4.3. Multimodal Diarization

A total of 10 different systems from four participating teams were submitted.

System Descriptions

  • G1-GTM-UVIGO [36]. Multimedia Technologies Group, Universidad de Vigo, Spain.
    The proposed system used state-of-the-art algorithms based on deep neural networks for face detection and identification and speaker diarization and identification. Monomodal systems were used for faces and speaker, and the results of each system were fused to better adjust the speech of speakers.
  • G2-GPS-UPC [37]. Signal processing group, Universidad Politécnica de Cataluña, Spain.
    The submitted system consisted of two monomodal systems and a fusion block that combined the outputs of the monomodal systems to refine the final result. The audio and video signal were processed independently, and they were merged assuming there was a temporal correlation between the speaker’s speech and face, that there were talking characters, his/her face did not appear, and faces that appeared, but did not speak.
  • G9-PLUMCOT [38]. LIMSI, CNRS, France.
    The submitted systems (primary and two contrastive) made use of technologies based on monomodal neural networks: segmentation of the speaker, embeddings of speakers, embeddings of faces, and detection of talking faces. The PLUMCOT system tried to optimize various hyperparameters of the algorithms by jointly using visual and audio information.
  • G11-ODESSA [38]. EURECOM, LIMSI, CNRS, France, IDIAP, Switzerland.
    The system submitted by ODESSA was the same as the one presented by PLUMCOT, with the difference that in this case, the diarization systems were totally independent, and each one was optimized in a monomodal way.

5. Results

This section is dedicated to presenting the results obtained in the three challenges by the participating teams. A brief description of the teams and their systems is found in Section 4.

5.1. Speech-to-Text Evaluation

A total of 18 systems was submitted by seven teams, 12 systems to the open-set condition and six to the closed-set one. Results are presented for the open and closed conditions.
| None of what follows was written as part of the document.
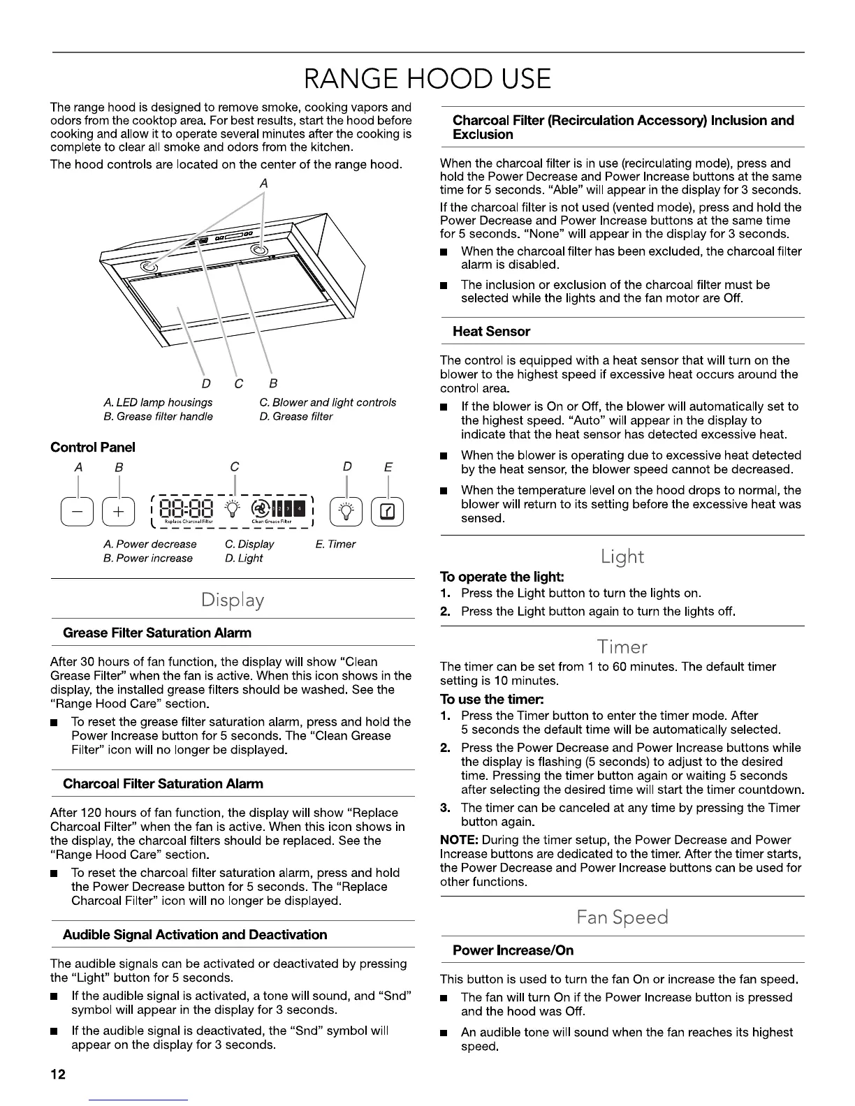 KitchenAid KVUB600DSS - Range Hood Use; Display; Timer; Fan Speed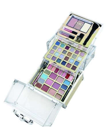 Kosmetický kufřík akrylátový zlatý ‚Glam‘ – celkem 64 ks příslušenství. Obsahuje 30 ks očních stínů, 2×lesk na rty, 1×třpytivý lak na nehty,1ךtětec, 3×oční linky, 7×krémová rtěnka, 6ךtětec, 4×třpytkový krém na tělo, 4×krémové oční stíny, 2×oboustranný aplikátor, 1×tužka na oči, 1×tužka na rty, 1×malý šteteček na rty a 1×malý štěteček na pudr. Dermatologicky testováno, vyhovuje přísným normám EU.

5.1.1. Open-Set Condition Results

Table 5 presents the overall results in the open-set condition by show and system. Results are given in terms of the average word error rates calculated over all the episodes of a show and the average over all the shows for a system. The best system, presented by the G7-MLLP-RWTH team, showed a WER of 16.45% using a hybrid LSTM-HMM ASR system. The second place corresponded to the system presented by the G14-SIGMA team, with a WER of 18.63% using the Kaldi toolkit. The first fully commercial and general purpose system was in third position, G5-LIMECRAFT team, with 20.92% of WER. The G6-VICOMTECH-PRHLT team achieved 24.52% of WER with the DeepSpeech2 system, an end-to-end system based entirely on deep neural networks. The second commercial system, G3-EHU, achieved 28.72% of WER, and finally, the other two teams that used Kaldi, G1-GTM-VIGO and G21-EMPHATIC, obtained 29.27% and 31.61% of WER, respectively.
If we compare the audio and text resources used to train the systems, except for the commercial systems whose information was not provided, the G7-MLLP-RHTW team was the one that used the most resources for training acoustic and language models, followed by the G14-SIGMA and G6-VICOMTECH-PRHLT teams. Furthermore, it should be taken into account that the G14-SIGMA acoustic models were trained using 350 h of the training partition with manual transcription, whereas G6-VICOMTECH-PRHLT used aligned and filtered data from the training and development sets. The correlation between performance and training resources was clear: the more resources, the better the results.
Regarding the WER per TV shows, the variance across shows was quite high. The WER per show varied from 7.43% to 34.45% for the most accurate system. The LA24H (Latinoamérica en 24H) and EC (España en Comunidad) shows were the ones with lower WER. A priori, the good results obtained by LA24H were not expected, as the data contained Spanish accents from Latin America. However, most of the time, the LA24H show contained a high quality voice-over in terms of acoustic environment and Spanish pronunciation, which can somehow explain the good result. The worst results were given by the “Dicho y Hecho” quiz show due to the acoustic environment and speech inflections of the participants. Furthermore, the WER variability among episodes of the same show was high. Figure 1 shows a boxplot of the WER variability per show for the best system.
Table 6 shows the overall text normalized WER (TNWER). The reference and test text were normalized in terms of removing stop-words and changing each word by its lemma. The relative WER reduction was about 5% when using text normalization to compute WER.
Only two teams submitted results with punctuation marks. Table 7 shows the overall results in terms of PWER (see Section 3.1.2) for the submitted systems. There were four systems submitted with periods and three with periods and commas. In all the cases, the performance was degraded mainly by the increase in the number of deletions and insertions related to periods and commas. Team G6-VICOMTECH-PRHLT obtained much better results with the second contrastive system than the primary. The primary system used an E2E approach, but the second contrastive system was a bidirectional LSTM-HMM system with an n-gram language model. The training data were the same for primary and contrastive systems.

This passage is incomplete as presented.